Merge branch 'main' into main

seetadev · web-flow · commit cc68f63e4214 · 2025-08-18T21:08:39.000+05:30
diff --git a/README.md b/README.md
@@ -12,13 +12,13 @@
 [![Build Status](https://img.shields.io/github/actions/workflow/status/libp2p/py-libp2p/tox.yml?branch=main&label=build%20status)](https://github.com/libp2p/py-libp2p/actions/workflows/tox.yml)
 [![Docs build](https://readthedocs.org/projects/py-libp2p/badge/?version=latest)](http://py-libp2p.readthedocs.io/en/latest/?badge=latest)
 
-> ⚠️ **Warning:** py-libp2p is an experimental and work-in-progress repo under development. We do not yet recommend using py-libp2p in production environments.
+> py-libp2p has moved beyond its experimental roots and is steadily progressing toward production readiness. The core features are stable, and we’re focused on refining performance, expanding protocol support, and ensuring smooth interop with other libp2p implementations. We welcome contributions and real-world usage feedback to help us reach full production maturity.
 
 Read more in the [documentation on ReadTheDocs](https://py-libp2p.readthedocs.io/). [View the release notes](https://py-libp2p.readthedocs.io/en/latest/release_notes.html).
 
 ## Maintainers
 
-Currently maintained by [@pacrob](https://github.com/pacrob), [@seetadev](https://github.com/seetadev) and [@dhuseby](https://github.com/dhuseby), looking for assistance!
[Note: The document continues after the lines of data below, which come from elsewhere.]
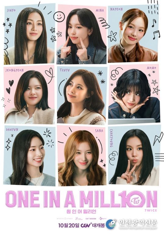 [인천광역신문] 관리자 기자 | 트와이스 데뷔 10주년을 기념하는 히스토리 무비 <원 인 어 밀리언(ONE IN A MILL10N)>이 9인 9색의 스페셜 포스터와 진심을 전하는 메인 예고편을 공개했다.[감독: 와사비마요ㅣ출연: 트와이스ㅣ제작: 미스틱스토리ㅣ배급: CJ CGV, CJ 4DPLEXㅣ장르: 다큐멘터리]
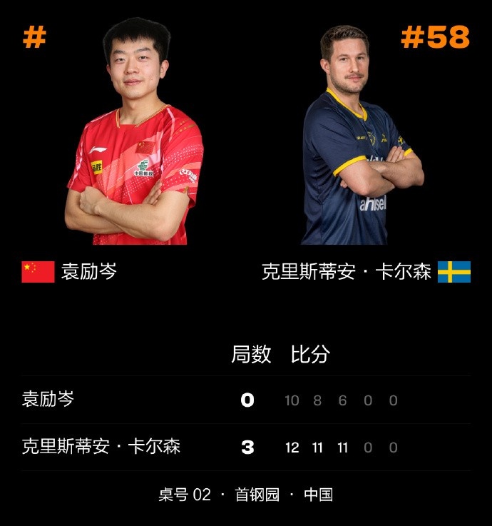 WTT中国大满贯男单1/16决赛:袁励岑0-3不敌卡尔森,无缘晋级
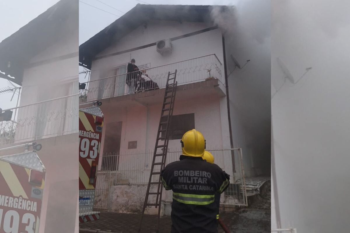Um casal de idosos foi resgatado pelo Corpo de Bombeiros em Rio Negrinho, no Norte de Santa Catarina, durante um incêndio em uma casa no bairro São Rafael, na manhã desta quinta-feira (3). O homem, de 82 anos, e a esposa, de 75, que é cadeirante, estavam presos na sacada do segundo andar da casa devido à intensa fumaça.
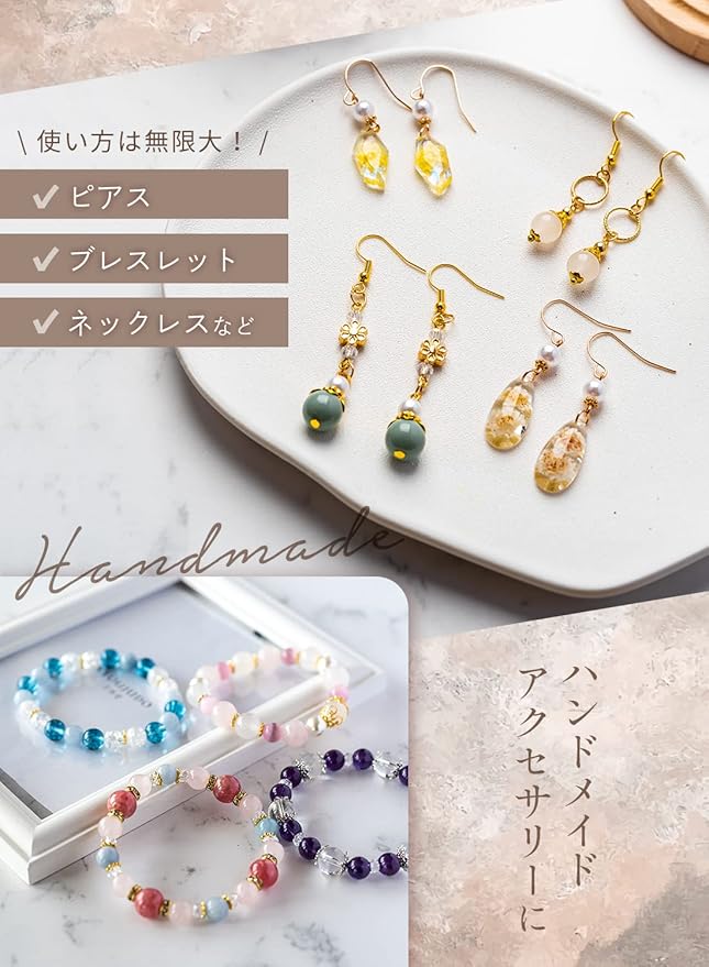 ✓ハンドメイドのピアス・ブレスレット・ネックレス・つまみ細工などに使えるパーツ約18種類、約700個!

+Currently maintained by [@pacrob](https://github.com/pacrob), [@seetadev](https://github.com/seetadev) and [@dhuseby](https://github.com/dhuseby). Please reach out to us for collaboration or active feedback. If you have questions, feel free to open a new [discussion](https://github.com/libp2p/py-libp2p/discussions). We are also available on the libp2p Discord — join us at #py-libp2p [sub-channel](https://discord.gg/d92MEugb).
 
 ## Feature Breakdown
 
diff --git a/libp2p/kad_dht/routing_table.py b/libp2p/kad_dht/routing_table.py
@@ -8,6 +8,7 @@
 import logging
 import time
 
+import multihash
 import trio
 
 from libp2p.abc import (
@@ -40,6 +41,22 @@
 STALE_PEER_THRESHOLD = 3600  # Time in seconds after which a peer is considered stale
 
 
+def peer_id_to_key(peer_id: ID) -> bytes:
+    """
+    Convert a peer ID to a 256-bit key for routing table operations.
+    This normalizes all peer IDs to exactly 256 bits by hashing them with SHA-256.
+
+    :param peer_id: The peer ID to convert
+    :return: 32-byte (256-bit) key for routing table operations
+    """
+    return multihash.digest(peer_id.to_bytes(), "sha2-256").digest
+
+
+def key_to_int(key: bytes) -> int:
+    """Convert a 256-bit key to an integer for range calculations."""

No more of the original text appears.